I want to process a ton of JSON objects as quickly as possible.
I've done my best to make the processing as concise and efficient as I can.
How can I make it more efficient?
private void processButton_Click(object sender, EventArgs e)
{
// For measuring how long the processing takes.
var stopwatch = Stopwatch.StartNew();
// Get the IDs of the completed RootObjects.
// There are no duplicate IDs.
var completed = new List<string>();
foreach (var file in Directory.EnumerateFiles("C:\\Completed", "*.json"))
{
completed.AddRange(
JsonConvert.DeserializeObject<List<RootObject>>(File.ReadAllText(file)).Select(o => o.id));
}
Console.WriteLine($"completed.Count: {completed.Count}");
// Get the unfinished RootObjects.
//
// 78,198 of the unfinished RootObjects share their ID with another.
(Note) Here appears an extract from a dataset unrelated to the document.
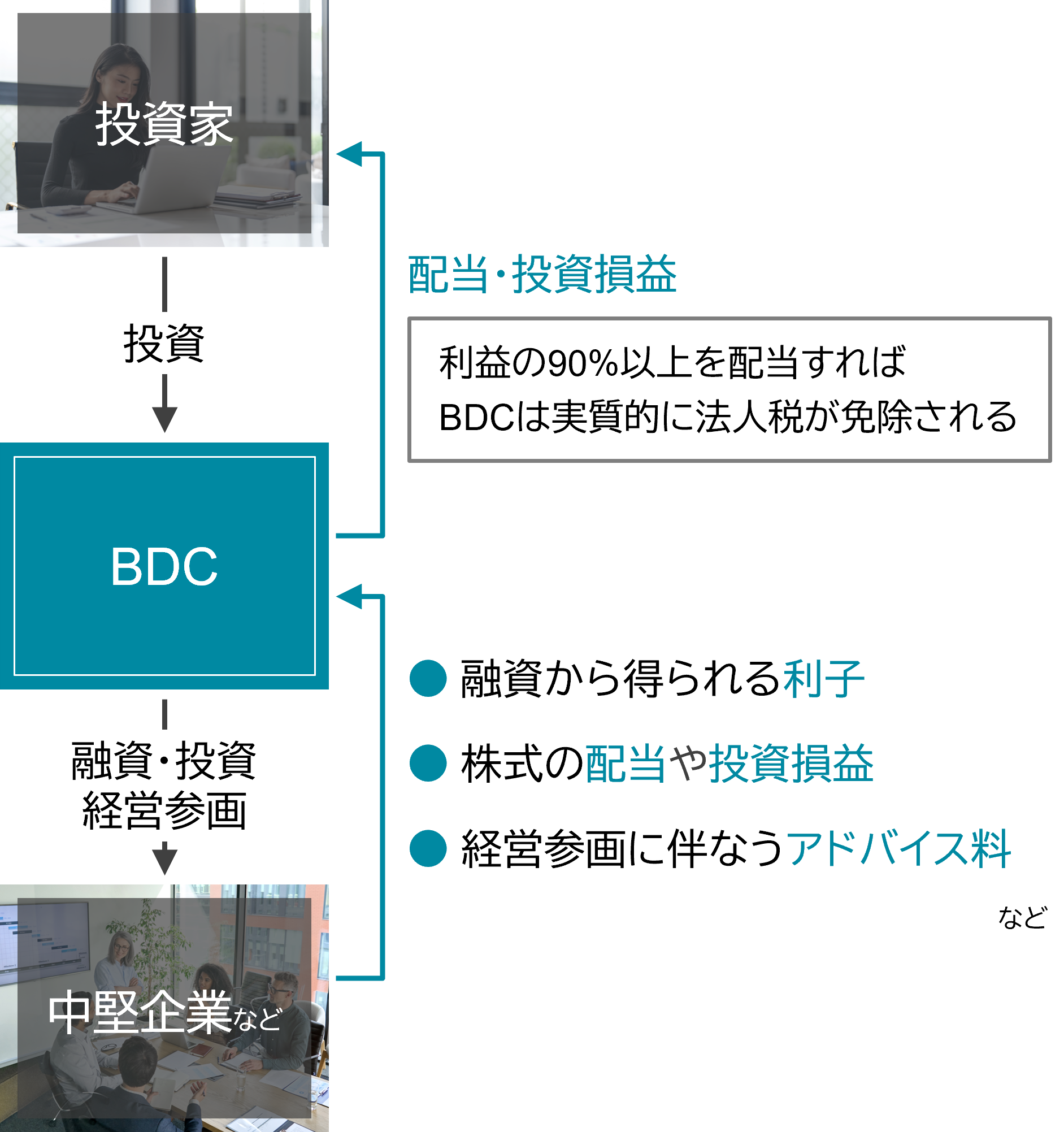 BDCは、主に米国の中堅企業への融資や投資、経営への助言などを通じて収益を得ています。そして、BDCの利益の大部分は配当として支払われているため、投資家はBDCを通じて実質的に米国の中堅企業に投融資をしているとみなすことができます。

// The duplicates are removed in the next step. (#2)
//
// The unfinished RootObjects also contain ALL of the completed RootObjects.
// The completed RootObjects are ignored in the next step. (#1)
var unfinished = new List<RootObject>();
foreach (var file in Directory.EnumerateFiles("C:\\Unfinished", "*.json"))
{
unfinished.AddRange(JsonConvert.DeserializeObject<List<RootObject>>(File.ReadAllText(file)));
}
Console.WriteLine($"unfinished.Count: {unfinished.Count}");
var processed =
unfinished.Where(o => !completed.Contains(o.id)) // (#1) Ignore all completed RootObjects.
.GroupBy(o => o.id).Select(objects => objects.First()) // (#2) Remove all duplicate RootObjects.
.ToList();
Console.WriteLine($"processed.Count: {processed.Count}");
stopwatch.Stop();
Console.WriteLine($"stopwatch.ElapsedMilliseconds: {stopwatch.ElapsedMilliseconds}");
}
// Output:
// complete.Count: 35649
// unfinished.Count: 250315
// processed.Count: 136468
// stopwatch.ElapsedMilliseconds: 75875
If you require any further information, let me know.
-
\$\begingroup\$ Code Review isn't an online performance profiling service. There are tools you can use in 1st place. \$\endgroup\$πάντα ῥεῖ– πάντα ῥεῖ2017年01月19日 18:58:31 +00:00Commented Jan 19, 2017 at 18:58
-
\$\begingroup\$ The problem is that you might be reading way too much. Instead of reading the whole file you should only read some lines of it. To do that you might want to assure that the objects are ordered in the file by id. \$\endgroup\$Bruno Costa– Bruno Costa2017年01月19日 21:32:23 +00:00Commented Jan 19, 2017 at 21:32
2 Answers 2
LINQ (convenient)
You could rewrite the loops with LINQ so this
var completed = new List<string>(); foreach (var file in Directory.EnumerateFiles("C:\\Completed", "*.json")) { completed.AddRange( JsonConvert.DeserializeObject<List<RootObject>>(File.ReadAllText(file)).Select(o => o.id)); }
could become this
var completd =
Directory.EnumerateFiles("C:\\Completed", "*.json")
.Select(File.ReadAllText)
.Select(json => JsonConvert.DeserializeObject<List<RootObject>>(json).Select(x => x.id))
.SelectMany(x => x)
.ToList();
You can do the same with the other loop.
When using LINQ you might experience some performance hit but don't be discouraged from using it. Use LINQ first because it's easy to use and read. Only if you are not satisfied with its performance rewrite it with a normal loop.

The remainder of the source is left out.